Use this skill when the user needs advanced Vietnam stock analysis with vnstock, while staying safe on free-tier limits.

Important packaging note

This skill is self-contained and does not require shipping a separate vnstock/ docs folder. All operational knowledge needed by the agent is stored under:

  • references/

Read order

  1. Read references/capabilities.md.
  2. Read references/method_matrix.md for exact class/method mapping.
  3. Read references/free_tier_playbook.md before large runs.

Scope and constraints

  • Library: vnstock only.
  • Preferred sources: kbs first, vci fallback.
  • Never use tcbs.
  • Treat Screener API as unavailable unless user confirms it is restored in their installed version.

Free-tier operating rules

  • No API key: target <= 20 requests/minute.
  • Free API key: target <= 60 requests/minute.
  • Safe default pacing in scripts: 3.2s/request.
  • Reuse cached artifacts between steps.
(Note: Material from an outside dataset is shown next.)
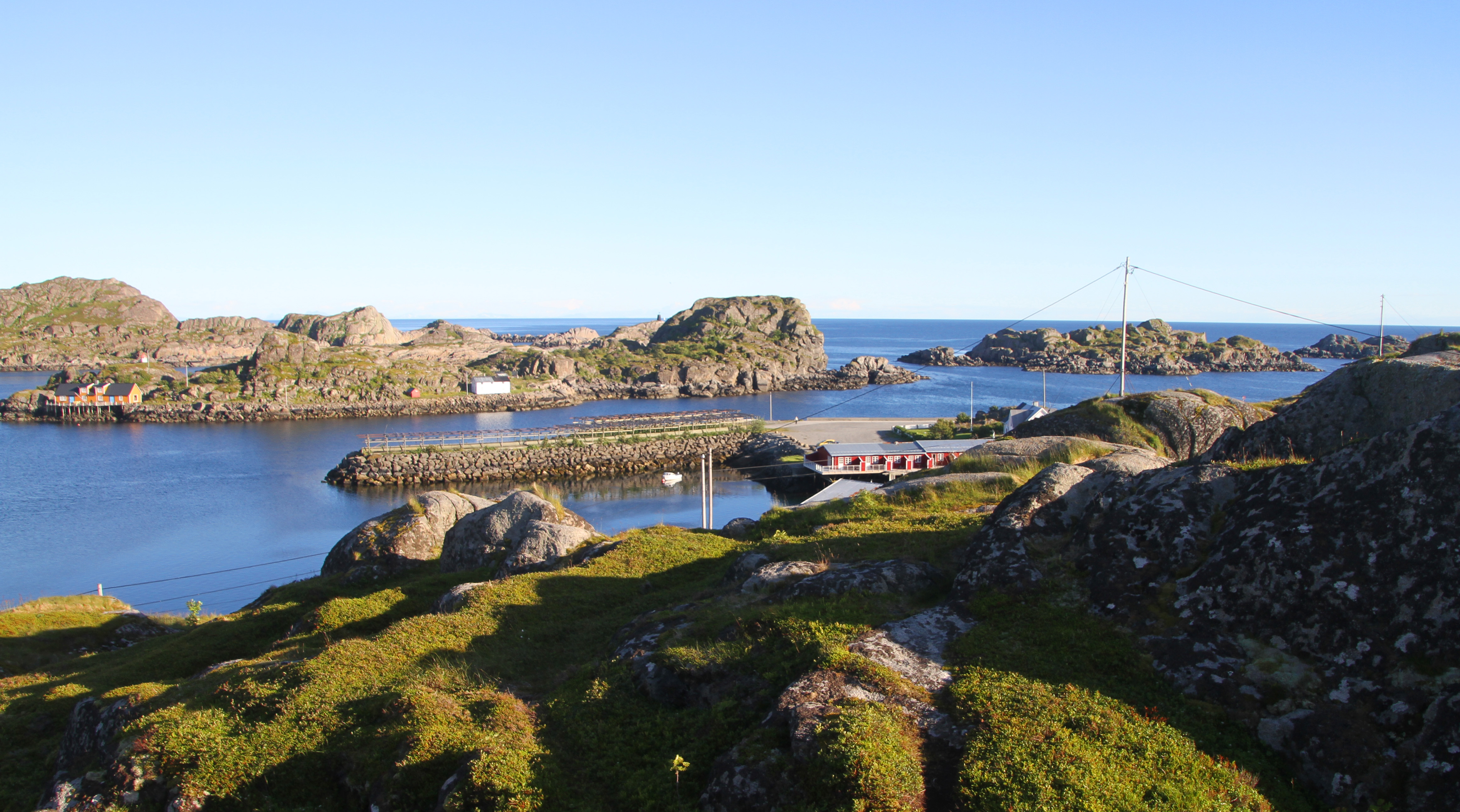 Settlement Mortsund, Vestvågøy, Lofoten, Norwegen

Shared confidence rubric (required)

Report confidence as High / Medium / Low using this standard:

  • High: universe coverage >= 95%, critical metrics coverage >= 80%, and hard errors <= 5% of symbols.
  • Medium: universe coverage >= 80%, critical metrics coverage >= 60%, and hard errors <= 15%.
  • Low: below Medium thresholds or material missing fields that can flip ranking results.

Always output:

  1. Confidence level.
  2. Coverage stats (symbols_requested, symbols_scored, % missing by key metric).
  3. Top missing fields that may change conclusions.
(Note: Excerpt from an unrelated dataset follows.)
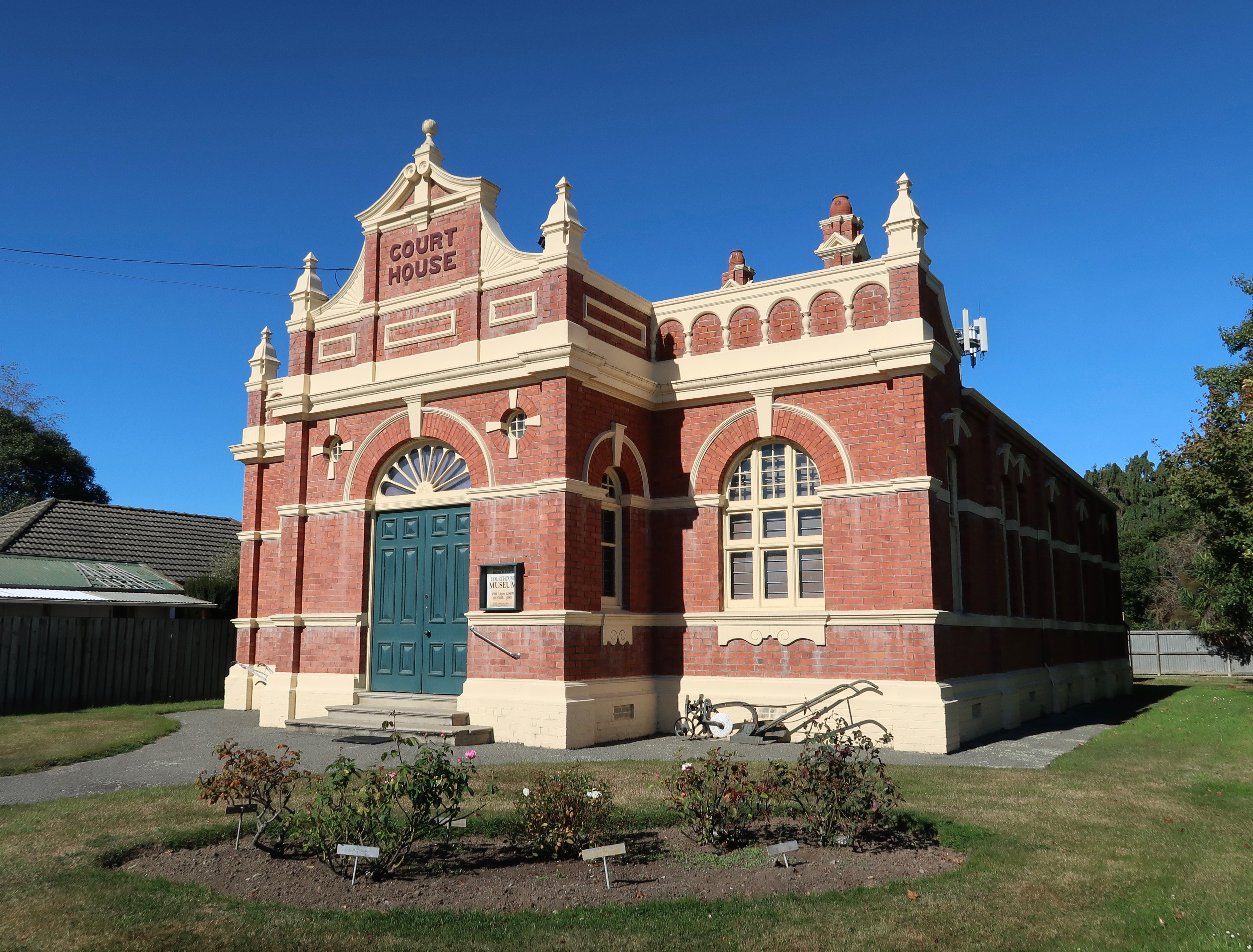 Court House building in Temuka (Q1002886), Canterbury, New Zealand, built c. 1900. This red brick courthouse with Baroque elements was designed by John Campbell of the Public Works Department, and functioned until 1979. It is now the town museum.

API key configuration (implemented)

  • Skill-local key file: .env
  • Variable: VNSTOCK_API_KEY
  • All API-calling scripts auto-load this key and call vnstock auth setup before requests.
  • You can override per run with --api-key "...".

Execution workflow (ordered)

  1. Validate environment (python, vnstock, pandas) and load optional API key from .env.
  2. Build a universe using scripts/build_universe.py (group, exchange, or symbols mode).
  3. Collect market data with scripts/collect_market_data.py using safe pacing.
  4. Collect fundamentals with scripts/collect_fundamentals.py.
  5. Score and rank using scripts/score_stocks.py.
  6. Generate analyst-style memo with scripts/generate_report.py.
  7. Apply confidence rubric, disclose missing fields, and summarize risks.

Downstream handoff bundle (required when doing single-ticker deep dive)

When the user request is about valuing or building a memo for a specific ticker (or a small list), output a compact JSON bundle that downstream skills can reuse:

  • ticker, as_of_date, currency
  • financials (income/balance/cashflow + key ratios if available)
  • price_history (returns 1m/3m/6m/12m)
  • peer_set (if you built one)
  • metadata.source and data_quality_notes

This bundle is designed to feed equity-valuation-framework and portfolio-risk-manager.

Script map

A) Discovery and universal invocation (for broad feature coverage)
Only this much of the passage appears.